Would you write out the entries below word for word, omitting the pictures?
───── Source material ─────
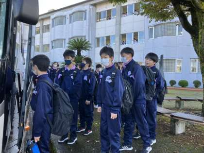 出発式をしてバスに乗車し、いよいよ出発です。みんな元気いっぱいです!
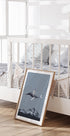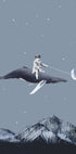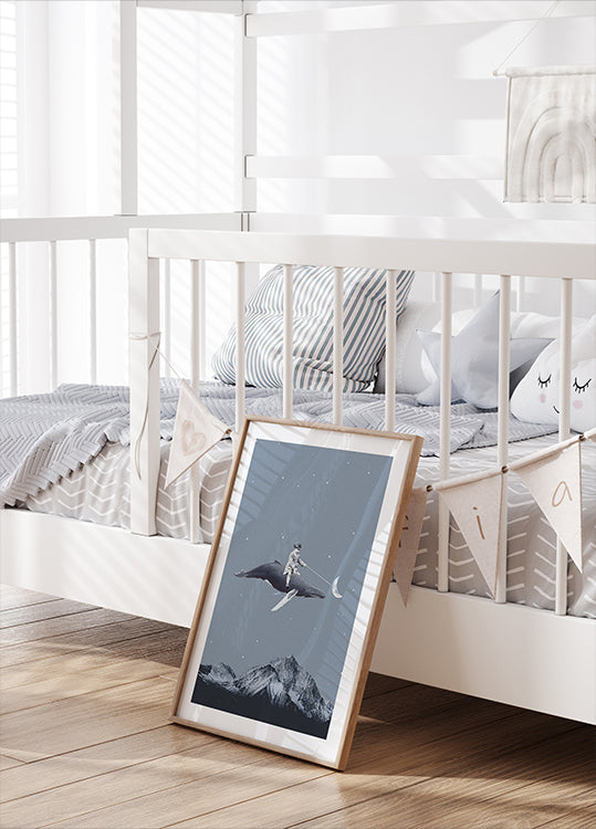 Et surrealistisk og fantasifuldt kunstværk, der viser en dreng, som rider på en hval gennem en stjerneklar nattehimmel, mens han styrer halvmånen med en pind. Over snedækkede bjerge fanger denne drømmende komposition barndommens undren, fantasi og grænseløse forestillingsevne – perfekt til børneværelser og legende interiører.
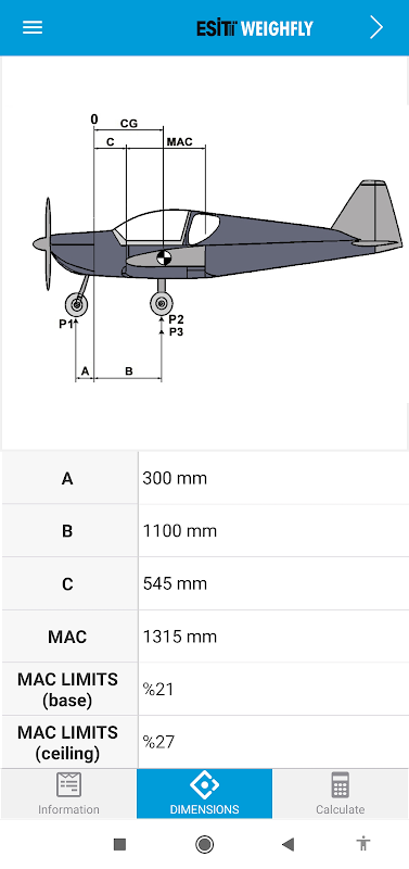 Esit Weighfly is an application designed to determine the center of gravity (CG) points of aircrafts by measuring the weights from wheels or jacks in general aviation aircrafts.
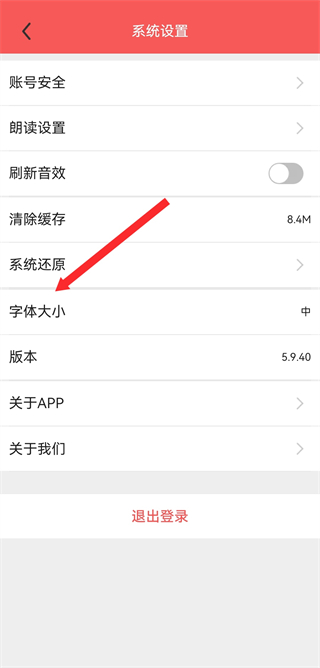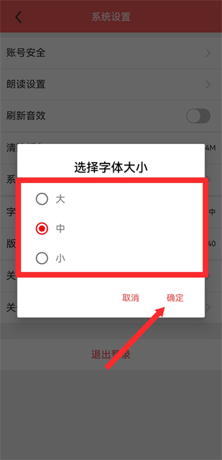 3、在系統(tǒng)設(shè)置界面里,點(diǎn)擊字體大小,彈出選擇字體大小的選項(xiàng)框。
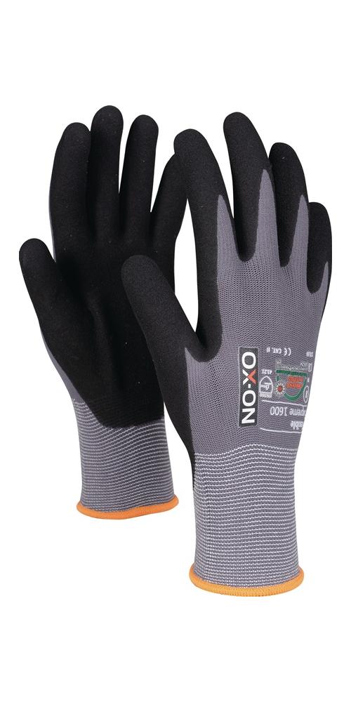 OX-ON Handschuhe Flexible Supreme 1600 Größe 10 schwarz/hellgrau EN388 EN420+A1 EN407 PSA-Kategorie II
─────
Solution to this exercise –
 出発式をしてバスに乗車し、いよいよ出発です。みんな元気いっぱいです!
 Et surrealistisk og fantasifuldt kunstværk, der viser en dreng, som rider på en hval gennem en stjerneklar nattehimmel, mens han styrer halvmånen med en pind. Over snedækkede bjerge fanger denne drømmende komposition barndommens undren, fantasi og grænseløse forestillingsevne – perfekt til børneværelser og legende interiører.
 Esit Weighfly is an application designed to determine the center of gravity (CG) points of aircrafts by measuring the weights from wheels or jacks in general aviation aircrafts.
 3、在系統(tǒng)設(shè)置界面里,點(diǎn)擊字體大小,彈出選擇字體大小的選項(xiàng)框。
 OX-ON Handschuhe Flexible Supreme 1600 Größe 10 schwarz/hellgrau EN388 EN420+A1 EN407 PSA-Kategorie II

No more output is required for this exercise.